以上のように、病気に強いブドウ品種の開発では問題の解決にはならず、ワイン経済を間違った方向へ導くことにもつながる。栽培に不向きな環境に畑を作ることは、経済的にはもちろん、ワインの根幹をなす価値の破壊でもある。
その価値とはどういったものか:
- 栽培環境はブドウに適したものであること
- 伝統的なぶどう栽培地であること
- 栽培地独自の個性を持った品種であること
- 畑と周りの自然が織りなす、美しい景観が保たれていること
- ぶどうとワインづくりが成熟させた文化が残っていること
- ぶどう栽培とワインづくりだけではなく、それに関連した地域の職人技も残っていること
- ぶどう作りからワインづくりまで、効果の見えるかたちで環境が保護されていること
これら全てがワインの価値を構成しているのだ。
関連した話で、私が立役者だというつもりは毛頭ないがプロセッコのことをお話しよう。
このワインが今のように売れ出す前のこと、イタリア醸造家協会会長でプロセッコ協会の評議員だったナルチゾザンケッタ氏にイタリアブドウ-ワインアカデミーの会合の際に、あるアドバイスをした。それは「プロセッコ」という名前を特定の地域か地名と関連づけること、そして品種名も「プロセッコ」から別名の「グレラ」に変えるというものだった。そのままでは、他の地域、あるいは他の国でさえも「プロセッコ」と言う名のワインを作ることが可能となってしまうからだった。
その後プロセッコの生産エリアは、フリウリ―ヴェネツィア―ジュリア州のプロセッコ村を含むほど、際限なく拡大した。現在プロセッコは年平均4億4千万本販売されている。毎日100万本以上が消費されている計算だ。
独創的なヴェネトの人だけで実現できたはずの計画は、その一歩手前で実現できず、ベネト州に生産エリアを制限するべきものが、フリウリ―ヴェネツィア―ジュリア州まで拡大してしまった。栽培好適地の重要性、原産地の意味、産地独自の職人技といったものが全てないがしろにされ、利益を得たのは工業ワインの世界だけとなった。その結果として、看過できないほどの周辺環境の破壊と、そこに暮らす人々への汚染を広げる事こととなった。

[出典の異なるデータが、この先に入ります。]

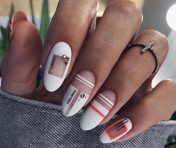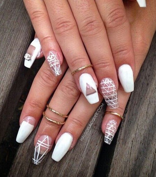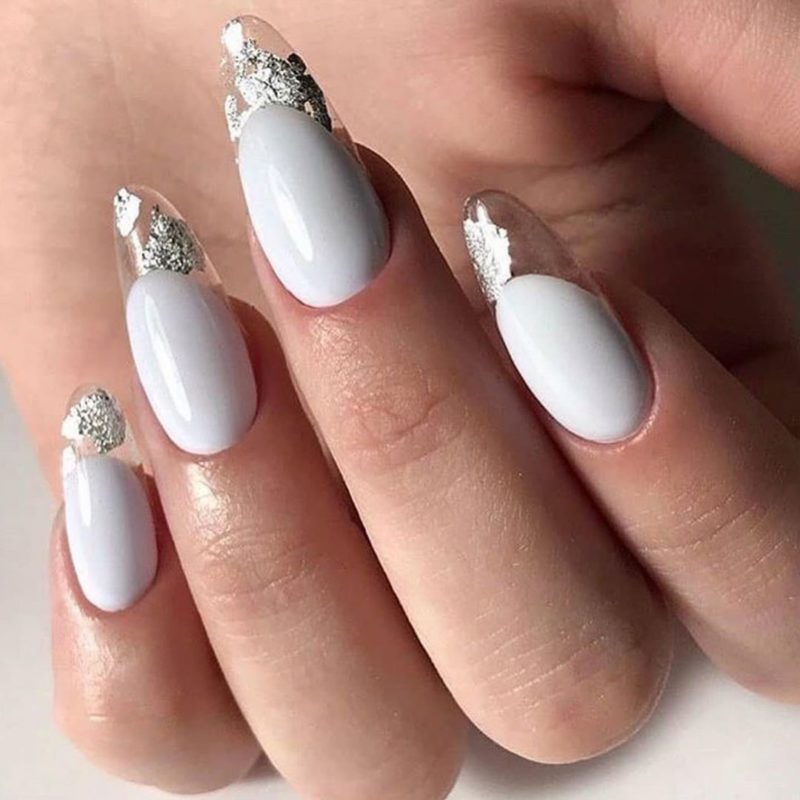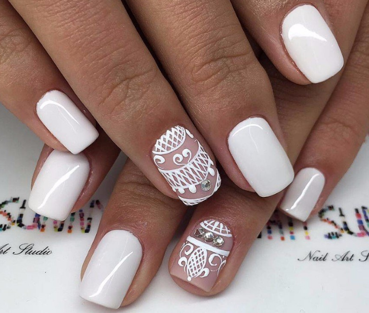 Использование белого лака в сочетании прозрачного фона уместно на любой случай.

栽培に適した土地で、質の高いブドウ栽培するために必要なことは、次の通りだ:
- 我々の先人が大変な苦労をして残してくれたように、ブドウの樹齢が長くなるような栽培を心がけ、次世代にも残る畑を自分たちでもつくること。今のように20年で植え替えせざるをえないような状況は、間違っている。新たに国立ぶどう栽培研究所の所長となった、私の友人リッカルドヴェラスコ氏に
「なぜ剪定後の傷口(瘢痕)に耐性を持つぶどうの遺伝子改良をしないんだ?もしこれが出来たら、つる植物のぶどうが木に変わるほど長生きできる。大発見だぞ!」
と冗談で言ったことがあった。分子遺伝学を専攻した優秀な科学者であるリッカルドの返事は、「分かってるくせに(それは無理だよ)」と言わんばかりに、微笑みながら私の肩を叩いただけだった。
ぶどうの種苗業者は、認証付きのしっかりとした苗木を供給するものの、そのほぼ全てはクローン選別から生まれるため非常に弱く、サーモセラピーでさらに弱体化しており、これを植えたところで寿命の長い畑を期待することはできない。クローンの苗木を植えることは、定期的に植え替えをするためにするようなもので、栽培者にとって何の利点もない。この状況はワイン産業界全体に大きな損害を与え続けるだけだが、誰も現状を変えようとはしていないようだ。
- ぶどう栽培で最も基本的なことは、宅地に法規制があるように、ブドウの植樹場所に関しても規定を定めることだ。そもそも、ぶどう栽培に向いていない土地に、病気に耐性を持つぶどうを植えたところで、歴史的にぶどうが栽培され、条件の良い地域で作られるワインとは比べるべくもないのだ。今まで考慮されることはなかったが、今後国レベルでの真剣な検討が求められる。イタリアは長いぶどう栽培の歴史を持つ国の一つであることを忘れてはならない。ワインはタンパク質や炭水化物のように、人間の体に必要不可欠なものではない。だからこそ、ワイン作りにおいてはより高いモラルが必要だ。
結論として、ワインづくりの将来のためには長期的視点での判断が必要だ。
遺伝子改良によって、病気に耐性をもった品種は今後も作られ続けるであろうが、その安定性については未知数だ。すでに植物性の防除剤が病気に有効であることが実証されている中、この分野の研究にも適切な投資をすべきときである。環境保護の観点からも、より効果的で安全かつ簡単なはずだ。さらに倫理問題も生じてくる。実際、遺伝子改良された品種を使うのにロイヤリティーの支払いが課せられ、農業経営者が種苗会社に隷属することも懸念される。
イタリアのぶどう栽培地域には、少なくとも二つの、全く正反対の選択肢が残されている。
一つは、肥沃で大規模な病害も起きるような、ぶどう栽培に不適な地域での、大規模栽培による個性のない画一的なワインを作る道。そこでは間違いなく遺伝子組み換えブドウが注目を浴びるだろう。
もう一つはぶどう栽培に好適で、歴史的に栽培が行われ、病気の発生率も低く、防除もしやすい土地でのぶどう栽培。その土地で伝統的に栽培された品種を使い、独自の個性をもったワインを作る道だ。「産地独自の個性」という、ワインになくてはならない価値をもったワインとなる。
流行りの国際品種が世界のいたる所で栽培され、個性のないワインが溢れている。
今こそイタリア原産品種というかけがえのない財産を見直す時ではないか。その多くはこの国の気候風土に馴染み、国際品種に比べて病気への強い耐性も備えている。
流行りの味ではなく、長期的な視点からワインの本質を追い求めようではないか。